I stand just a couple weeks away from the trip I have been talking about since DECEMBER! We leave in just about two weeks. Absolutely nuts, I tell ya! In my preparation I have had this nagging question come up often:

Why?

 It has been a question asked of me and one I ask myself. Why am I doing this? What is driving me? Where does this motivation, this passion, this determination- to live differently -come from? 
me, myself and I
I guess my question is, is it a selfish desire in me, or a real desire to live radically for the Lord that radically loves? 

Its been humbling these last few weeks, to feel The Lord nudging me ... convicting my heart. You see, I have turned this journey into something about me. 

I have been told things like: "Wow, that's a great thing you are doing. I couldn't do that. I would be too scared. " 

Well, yeah ... me too! 

You see, the focus has changed to something I am doing. However, it should be all about Him! It just isn't about me, plain and simple. I have been replaced. My body isn't to live out my own will and desires, but to give up as a empty vessel for the living God to use for His glory, for His will and for His kingdom...not my own. I couldn't have gotten to this place without Him and I won't get anywhere without Him. These next 6 months aren't to give me a neat experience or help me grow or take me out of my comfort zone. The purpose is deeper and it has nothing to do with me. 

How humbling is it to know God doesn't need us. He is reliant on us. Yet, He chooses us. He finds complete joy in including us in His work. It isn't by any talent we possess, but His incredible mercy. 

So that is where I stand. Humbled. It is my constant prayer that God will break my heart and change my focus. That all this self talk with be gone and all I will be able to see is Him working. I pray for eyes that see the Holy Spirit moving. That in normal activities His presence will be known. That when I start to get overwhelmed about what I can and cannot do that He reminds me it isn't about me. It is my prayer that every morning I will be replaced.
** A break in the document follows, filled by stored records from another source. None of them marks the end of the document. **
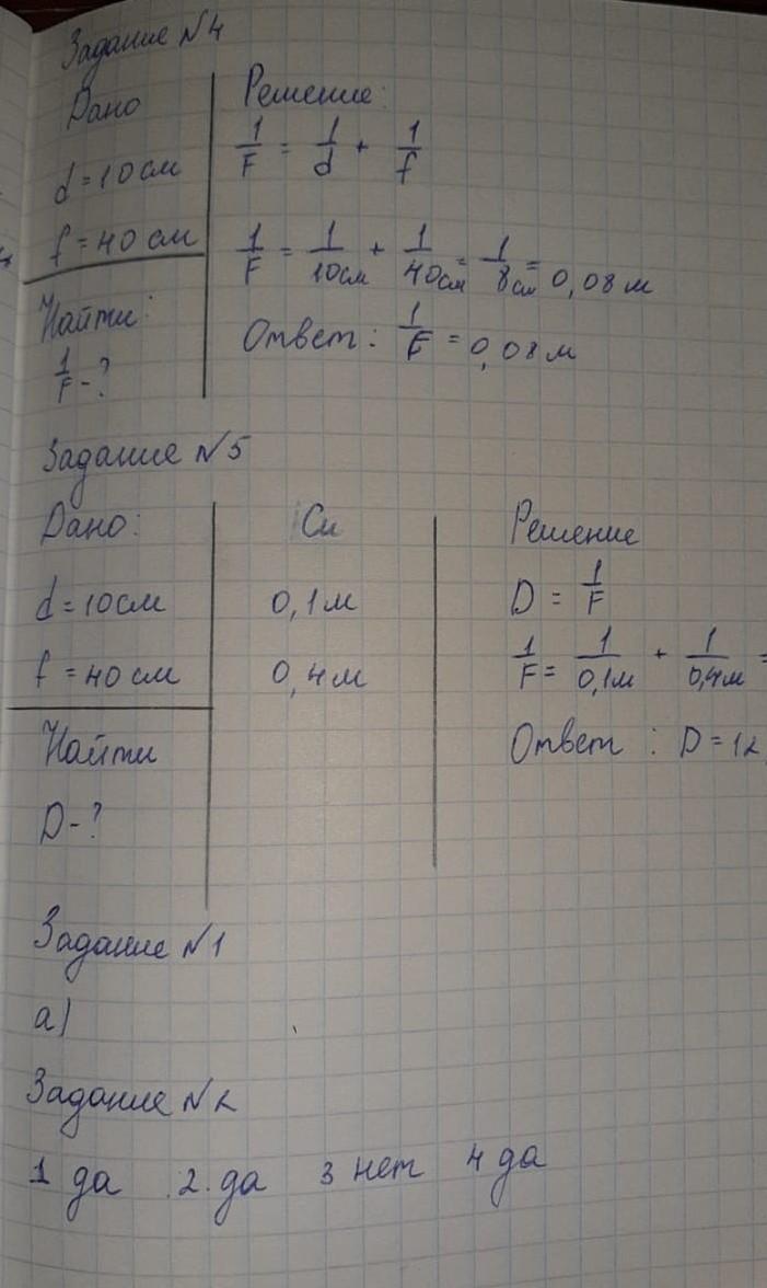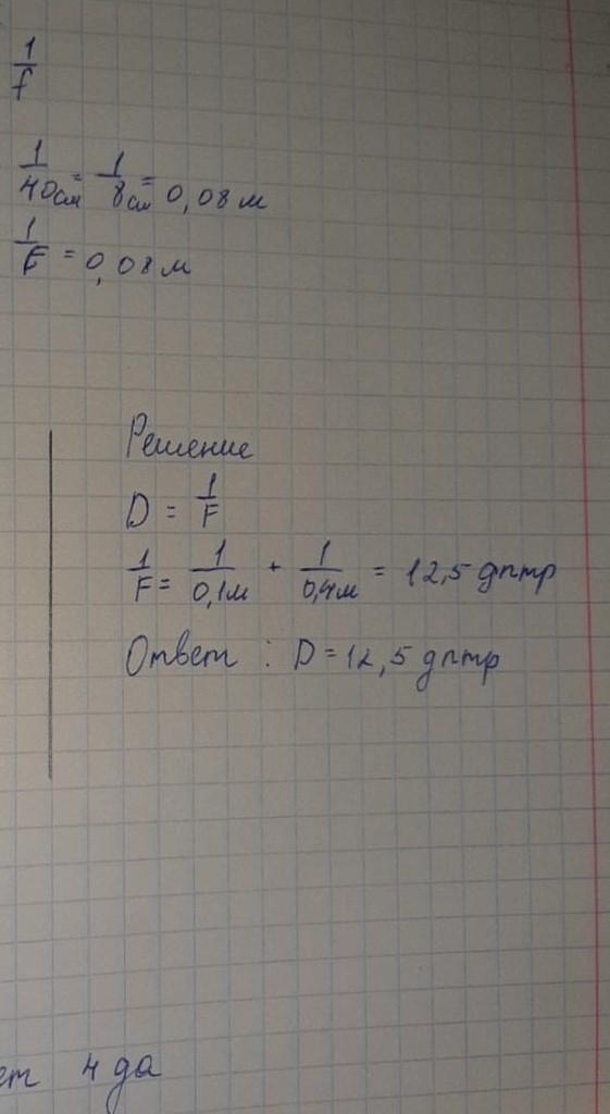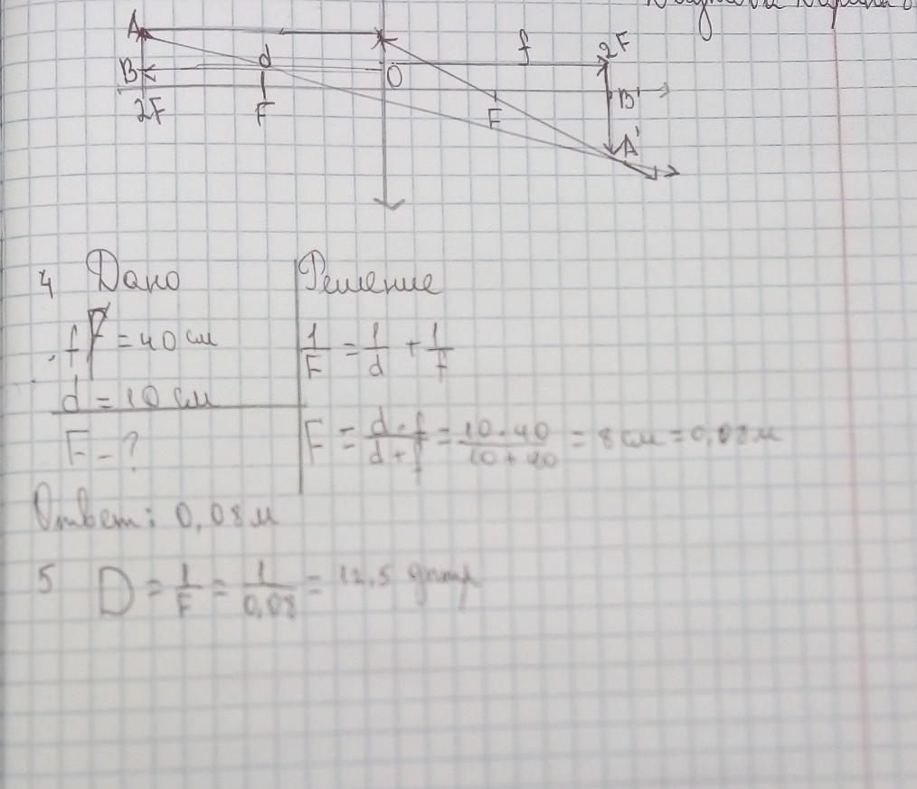 4)Если расстояние от собирающейся линзы до изображения 40 см, а расстояние от линзы до предмета 10 см, чему равна фокусное расстояние линзы?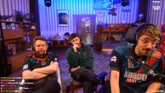 08:42:59Ein unerwarteter gesellschaftlicher Kommentar im Chat löst eine Reaktion des Streamers aus. Ein Chatter führt Deutschland und das aktuelle Gefühl der Gesellschaft an, was den Streamer zu einer untypischen, ernsten Reaktion veranlasst. Er verteidigt seinen Mentor, der zuvor Anleitungen gegeben hat, und kritisiert den 'Stammtisch-Talk' im Chat. Er deutet an, dass der Chat manchmal Themen anspricht, die den Fokus vom Gameplay ablenken und nicht erwünscht sind.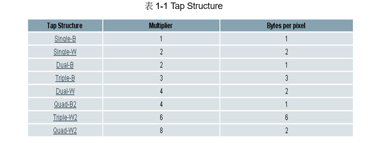 為了計(ji)算前端數據(ju)(ju)流的(de)峰值數據(ju)(ju)流量,使用相機的(de)像素時鐘(Data Clock Speed)乘以Tap(數據(ju)(ju)傳輸通道)來表(biao)示(shi),Tap 結構如下表(biao)所示(shi):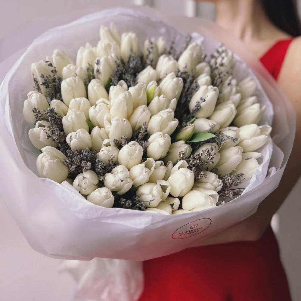 белые тюльпаны – 71 шт.Лаванда – 15 шт.Упаковка дизайнерская – 1 шт.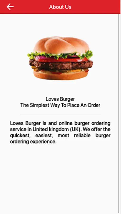 our loves burger app provide online delivery for our customer. It's user friendly UI provide an easy way to interact with app. User can order fast food by simply clicking on items and can increase it's quantity by clicking on add button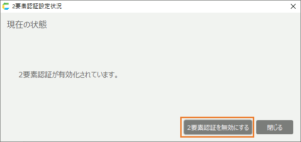 - 「2要素認証設定状況」ダイアログにて、「2要素認証を無効にする」ボタンをクリックします。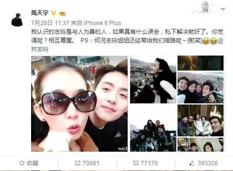 作为志玲姐姐好友的雪姨王琳和马天宇也先后出来发文支持林志玲,称林志玲一直是个与人为善的人。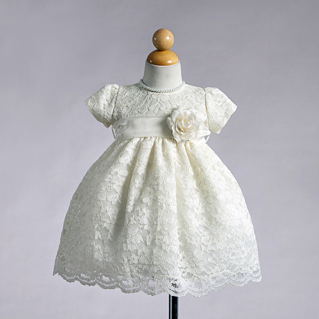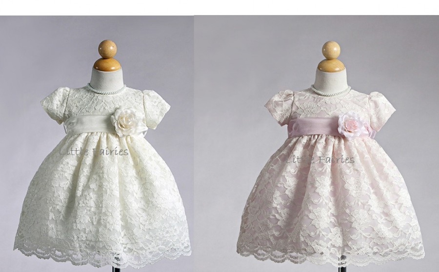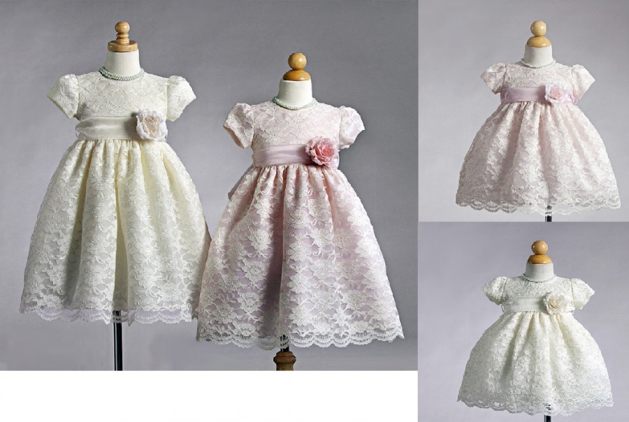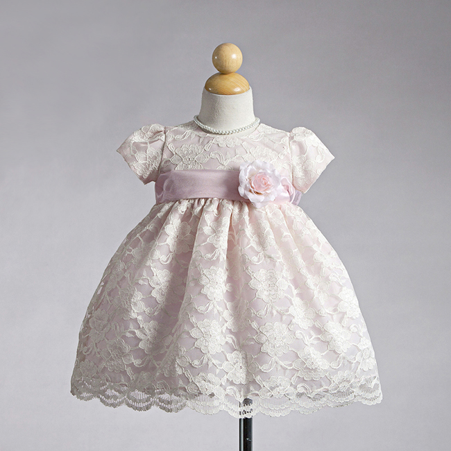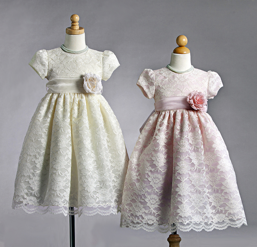 Ljuvlig spetsklänning med korta puffärmar. Passar utmärkt till brudnäbbar, till dop, fest och kalas. Blommig gräddvit spetstyg över antigen gräddvit eller rosa satin. Brett organza band på midjan som kan knytas till en rosett baktill. Underkjol med tyllkant. Avtagbar sidenblomma på midjan. Blixtlås baktill. Klänningens längd är ”ballerinalängd” – räcker till mitten av vaden.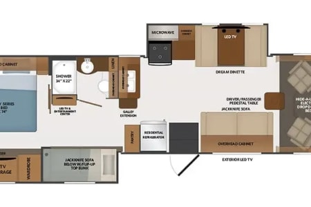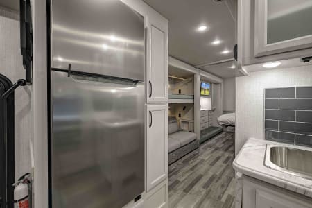 Ample Sleeping Space: Comfortably sleeps up to 8 with a king bed, overhead loft, two twin “bunkhouse” beds, and both a dinette and sofa that convert into a bed!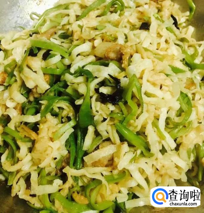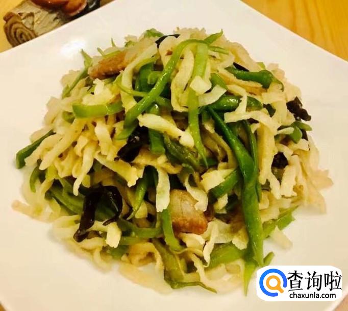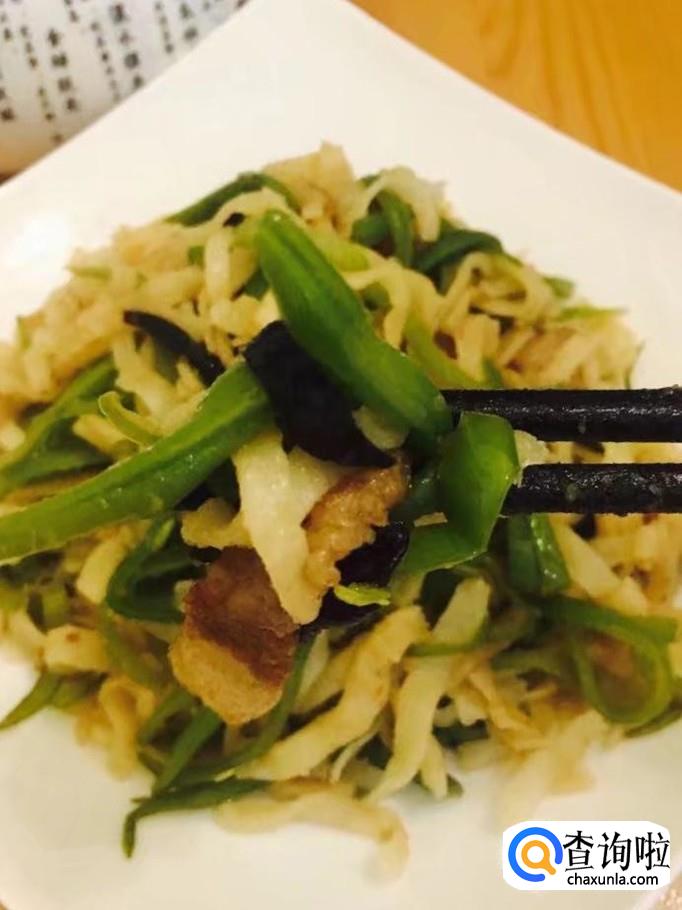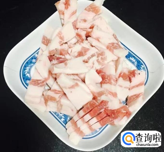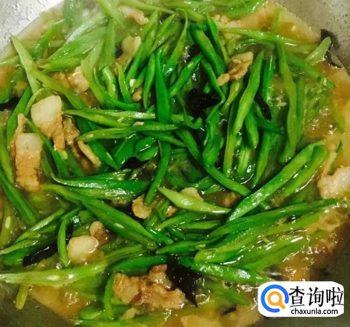 豆角、水发木耳择洗干净切成稍微粗一点的丝,五花肉一块冲洗干净切成厚薄均匀的五花肉片,葱、蒜分别切成葱花、蒜片备好

The human nature in me will be exchanged for the spirit of the Lord's. 

It’s so much easier to find the right words to say, but so much harder to live it out. So that is where you come in. As prayer warriors, I ask that you pray that all my teammates and I will be replaced. There are just about 15 of us going on faith. Will you just lift up prayers that God will not be held back by our nature, but come in His fullness? That He will take over and through His power use these months to change lives, to build His kingdom! 

Thanks for reading, Y'all are the best!